Don’t expect improvements quickly along the oldest bits of the tube

Don't expect much upgrading to lines going through the oldest part of the tube at stations like Edgware Rd

With the release of Boris Johnson’s Transport manifesto yesterday, we can assess what this  means for the tube rider in central London, many of whom are dependent on the Circle, District and Hammersmith & City lines at tube stations like Edgware Road in my neighbourhood.

At the top of page 13 of the report,  it has some very warm and woolly words about a 21st century tube system but it lacks any radical moves.  As Tony Travers suggested in last night’s ES, its more “steady as it goes”.   Furthermore,  it doesn’t marry up with a response I got from the Mayor this month on the unreliability of the services in Central London, which makes for a very telling admission.

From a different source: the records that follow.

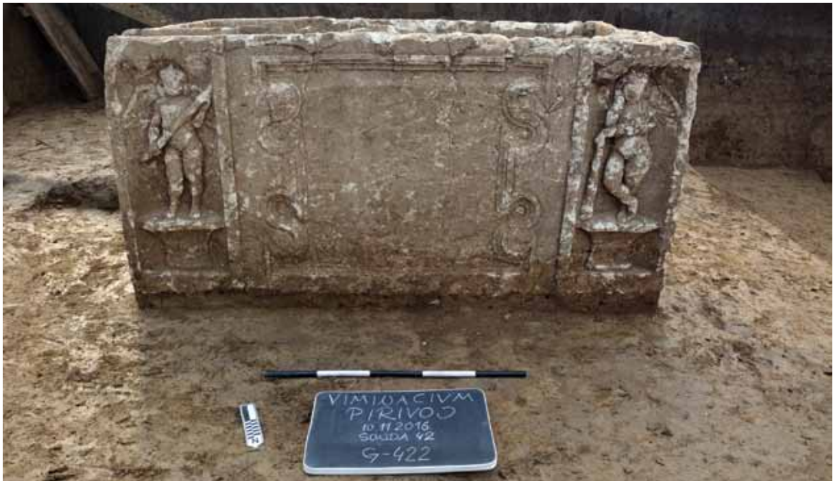
Slika 7 – Sarkofag , snimak sa severa
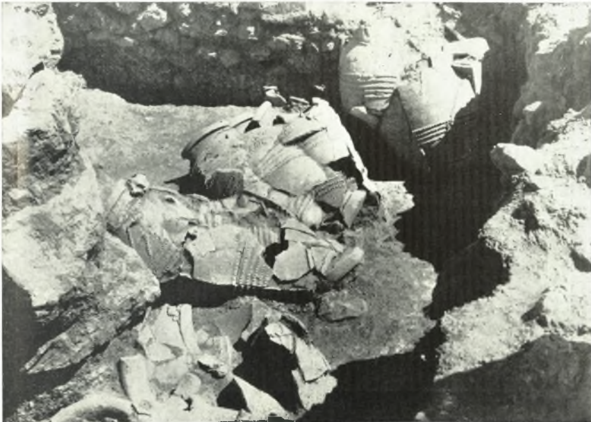
β. Ἡ ἀποθήκη Θ τῆς μινωικῆς Ἐπιπέδου Ζάκρου μετὰ τοὺς πίθους εἰς τὴν θέσιν εἰς ἣν εὐρέθησαν. Ὅψις ἐκ ΒΔ.
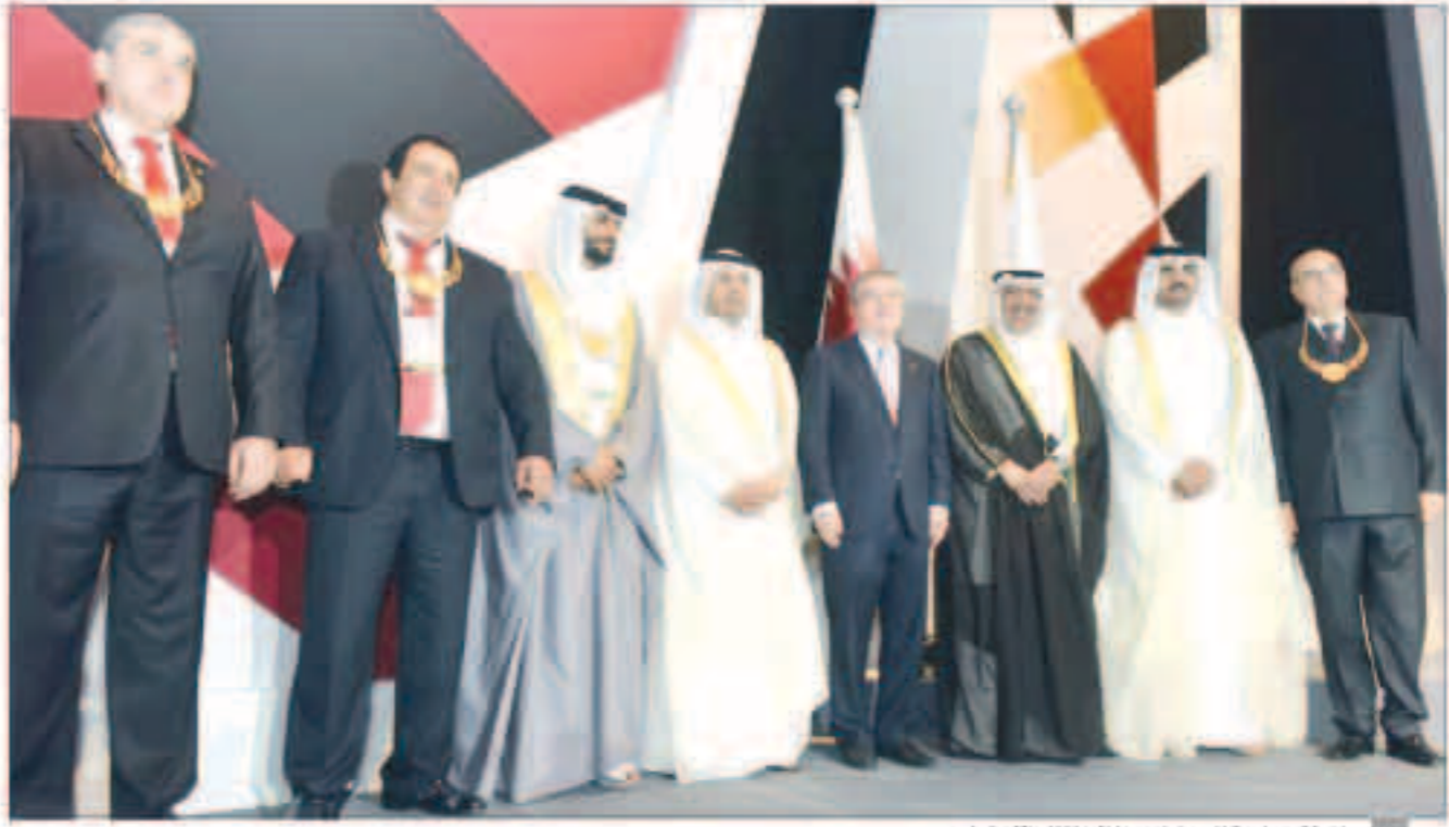
لمقابلة جماعية للمسؤولين خلال الاجتماع

استهل الاجتماع السنوي للجمعية العمومية لاتحاد اللجان الأولمبية الوطنية «أنوك»، فعاليات جلسته الأولى، أمس الثلاثاء في العاصمة القطرية الدوحة، بتكريم عدد من الشخصيات على دورها الفعال، والمهم في تطوير وإنشاء الحركة الرياضية، والأولمبية في بلدانهم والعالم.
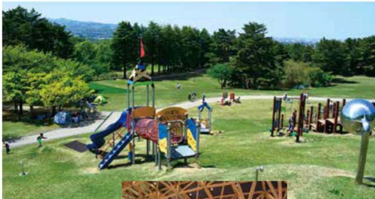
▲こどもひろば(大型遊具)

平成30年には新たな公園センターである「奥卯辰山のびのび交流館とんぼテラス」がオープンし、遊びや休憩、レクリエーション活動など、休日には多くの家族連れで賑わっています。
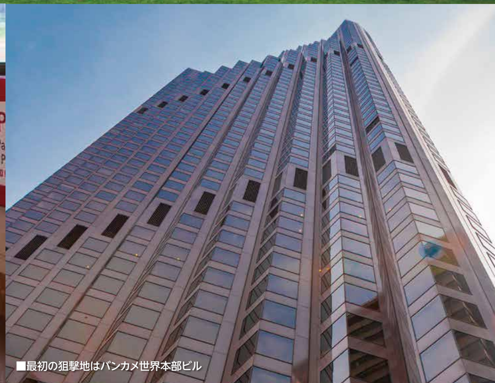
■最初の狙撃地はバンカメ世界本部ビル
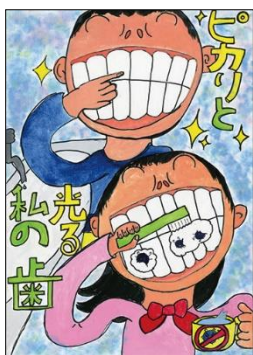
小学校4～6年生の部 金賞作品

今年度の岩手県よい歯のコンクール（岩手県知事表彰）は、コンクール3部門のうち「イー歯トープ8020部門」のみ実施されました。
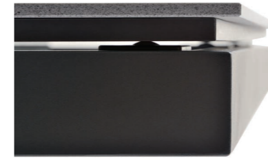
12 apoyos con rodamiento para una suave apertura 12 supports with bearing for a smooth opening 12 roulements avec palier pour une ouverture en douceur 12 Lager mit Lager für eine reibungslose Öffnung
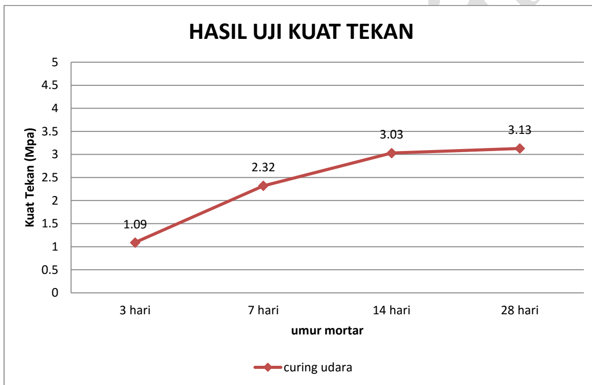
Grafik 2. Kuat tekan mortar geopolimer 15 molar perawatan kondisi kering
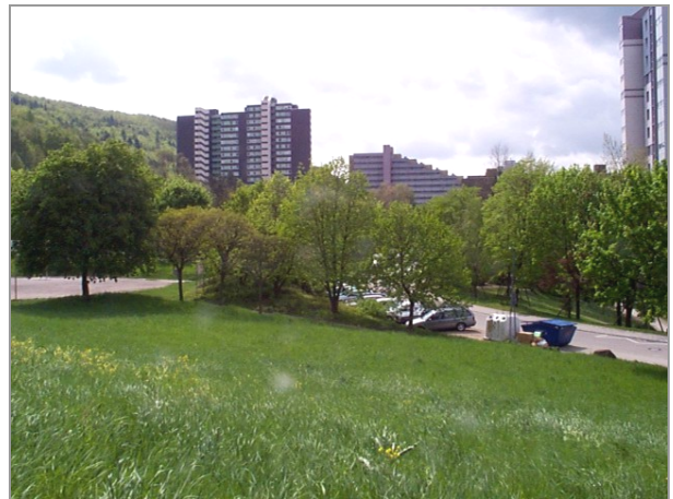
mögliches Ansiedlungsgrundstück – Blick Richtung Emmertsgrund
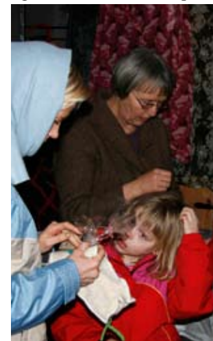
Nostal(d)gis hyggelige julestue

På vej gennem mørket til Kildegården tænkte vi, at tiden dog var fløjet af sted og nu var klokken tæt på kl.
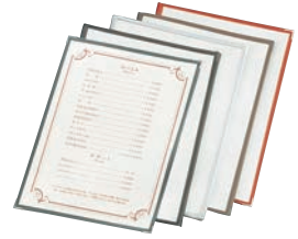
⑮ えいむ クリアテピング メニューブック TA-48 ㊦
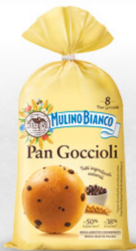
PAN GOCCIOLI MULINO BIANCO 336G
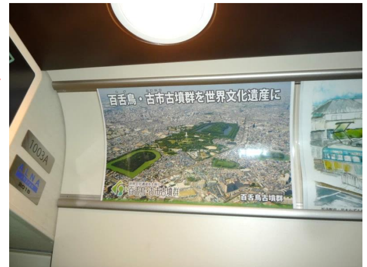
堺トラム車内広告掲示
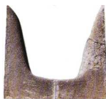
3 simbologia del toro
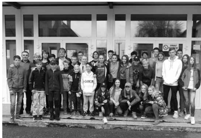
Žiaci ZŠ J. Horáka

Okrem športu sa žiaci na návšteve v Moravskej Třebovej zúčastnili prehliadky mesta, rôznych výletov v okolí. Tiež boli prítomní na sláv-
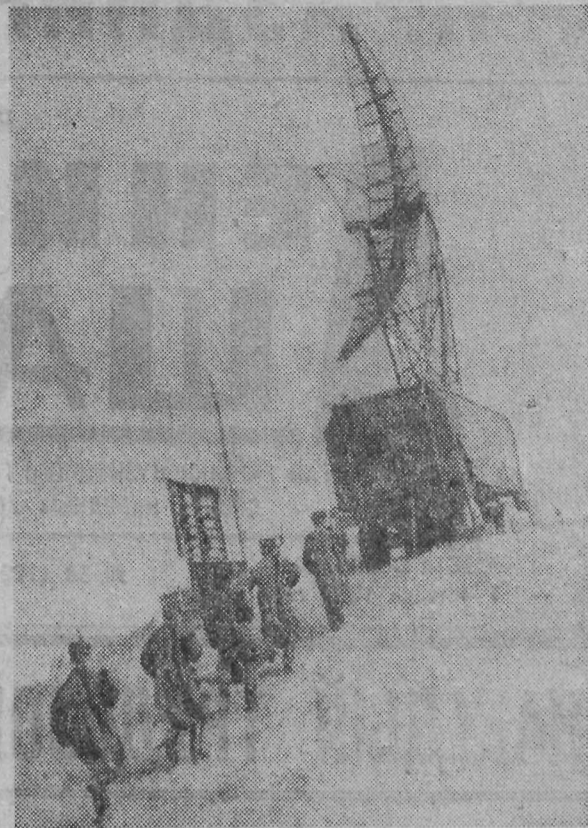
Воины одного из подразделений Краснознаменного Сибирского военного округа достойно продолжают славные боевые традиции отцов и дедов. Современная военная техника, мастерство воинов, крепкая дисциплина — вот слагаемые высокой боевой готовности.
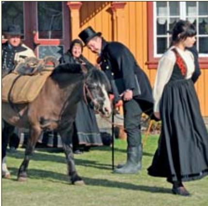
Futen er på besøk på Klevar for å se om de har noe sølv som bør beskattes.
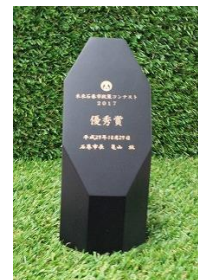
副賞として、「雄勝石」製の トロフィーが授与されました
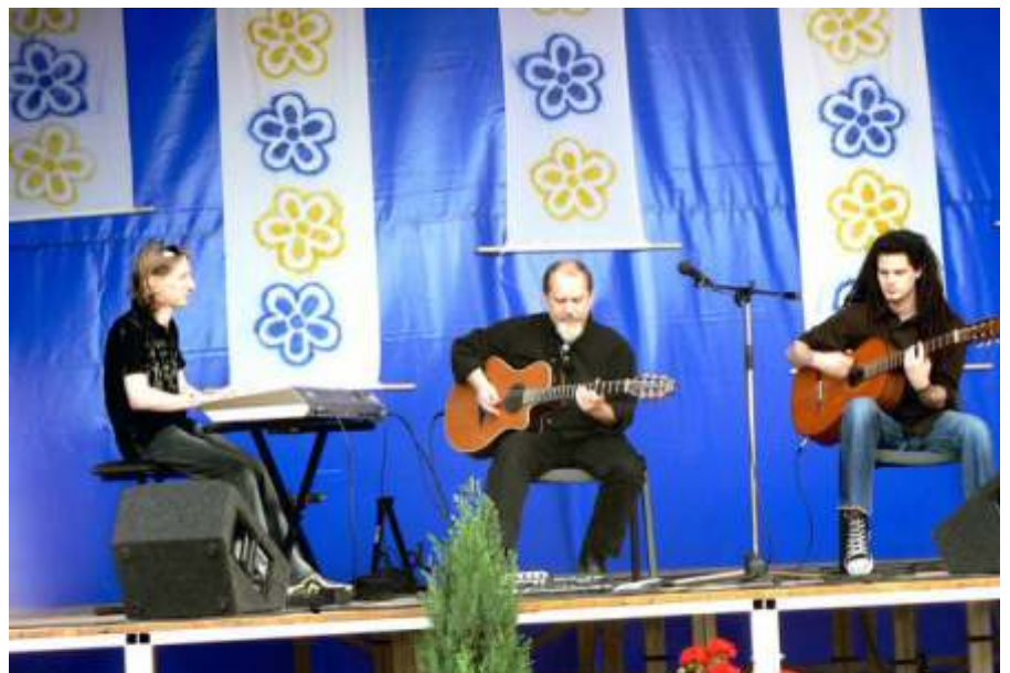
A Mediterran Combo együttes
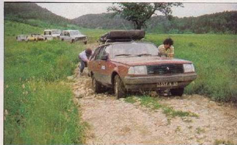
Rude passage pour le R 18
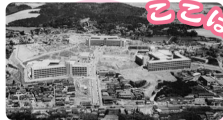
ここは昭和40年代に空撮された天白区内のある場所です。答えはP.3です。

近い将来発生すると言われている東海・東南海地震では、ライフラインが寸断されたり、地域の指揮系統が機能しないことが考えられます。混乱が予測される中で、私たち住民が主体となって行動することが大切です。
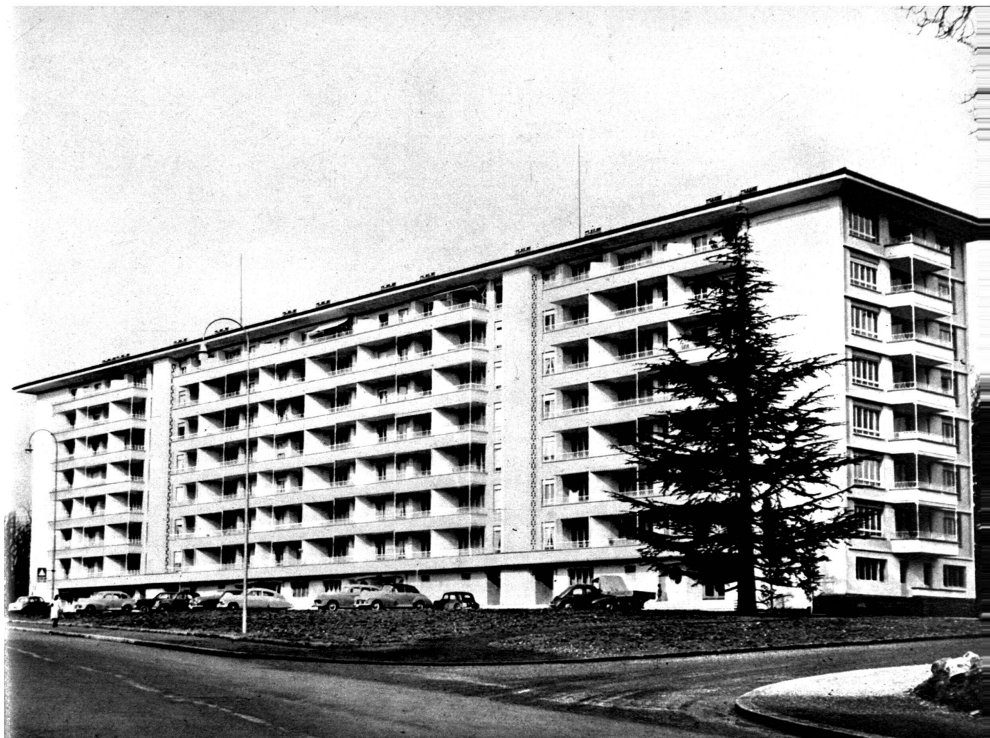
Vue générale de l'immeuble, façade ouest.
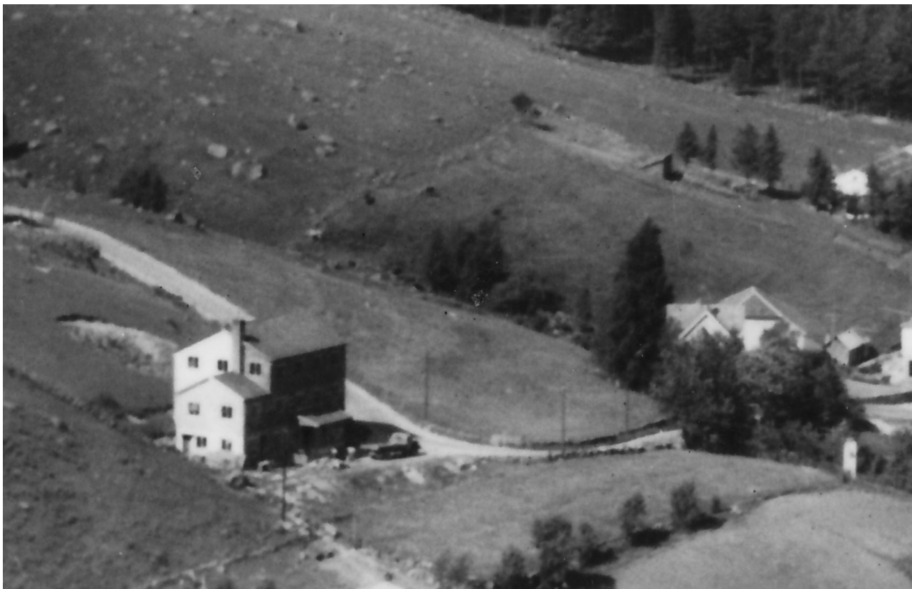
Nåværende mølle i Møllesvingen, bygd 1943.
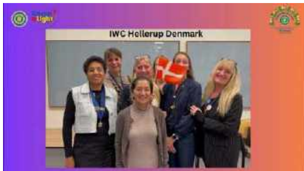
Centenary Wishes for Inner Wheel in different languages from around the Globe: Video 4 youtube.com

Merci à Sonia et sa fille pour le montage !
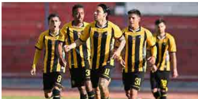
El partido The Strongest ante Totorá Real Oruro.
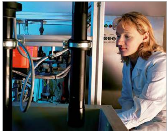
Bild 2: Umwelttechnische Assistentin bei der Wasseruntersuchung
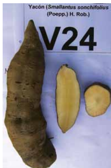
D14: Púrpura grisáceo oscuro D15: Amarillo naranja D16: Con hendiduras
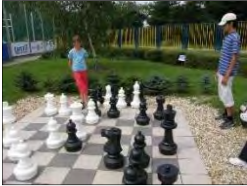
Obr. 57 Exteriérové šachy
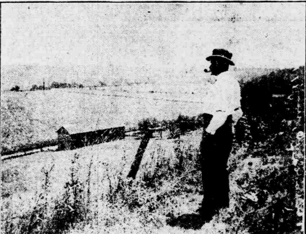
More than $13,000,000 is annually paid to the farmer by the liquor interests. Under national prohibition what would the farmer do with the grain that he now markets to the distiller? Would the Anti-Saloon League buy it?
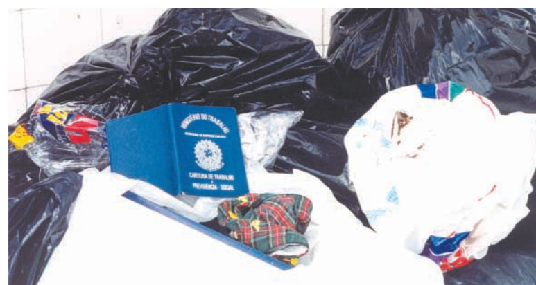
Ameaça agora atinge companheiros nas micro, pequenas e médias empresas

Batizada de Simples Trabalhista, a proposta é baseada em estudos do sociólogo José Pastore, assessor da Fiesp e de Alckmin na campanha presidencial. É de Pastore a idéia de eliminação do artigo 618 da CLT tentada no governo FHC.
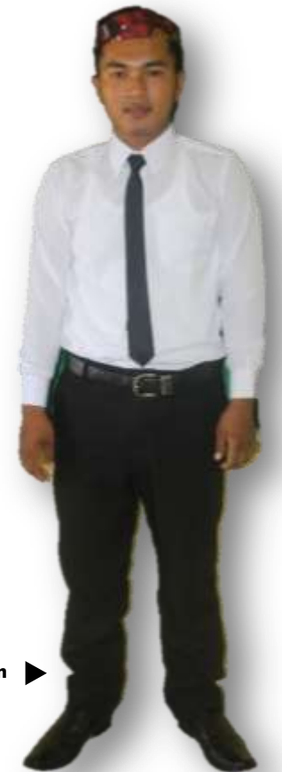
▲ Sepatu pantovel hitam, kaus kaki putih

The service along the oldest bits of the tube won’t be improved until 2018; well after the next political term which is now being contested.  Do we really have to wait more then another political term of the Mayoralty before the signal box at Edgware Rd dating back to 1928 is replaced once and for all, and the 1950’s programming of Earls Court station is sorted out?  

Despite this, I’m sure it won’t stop Boris celebrating the 150th birthday of the oldest part of the tube this summer (between Paddington & Farringdon); still, while the younger lines with their new extensions like the Jubilee  line, despite their upgrades still cause problems. 

Whether inside or outside the PPP,  lines like the Circle, District and Hammersmith & City lines have all had a bum deal so far.  Unfortunately this looks set to continue for another political term or so if we have another under Boris administration.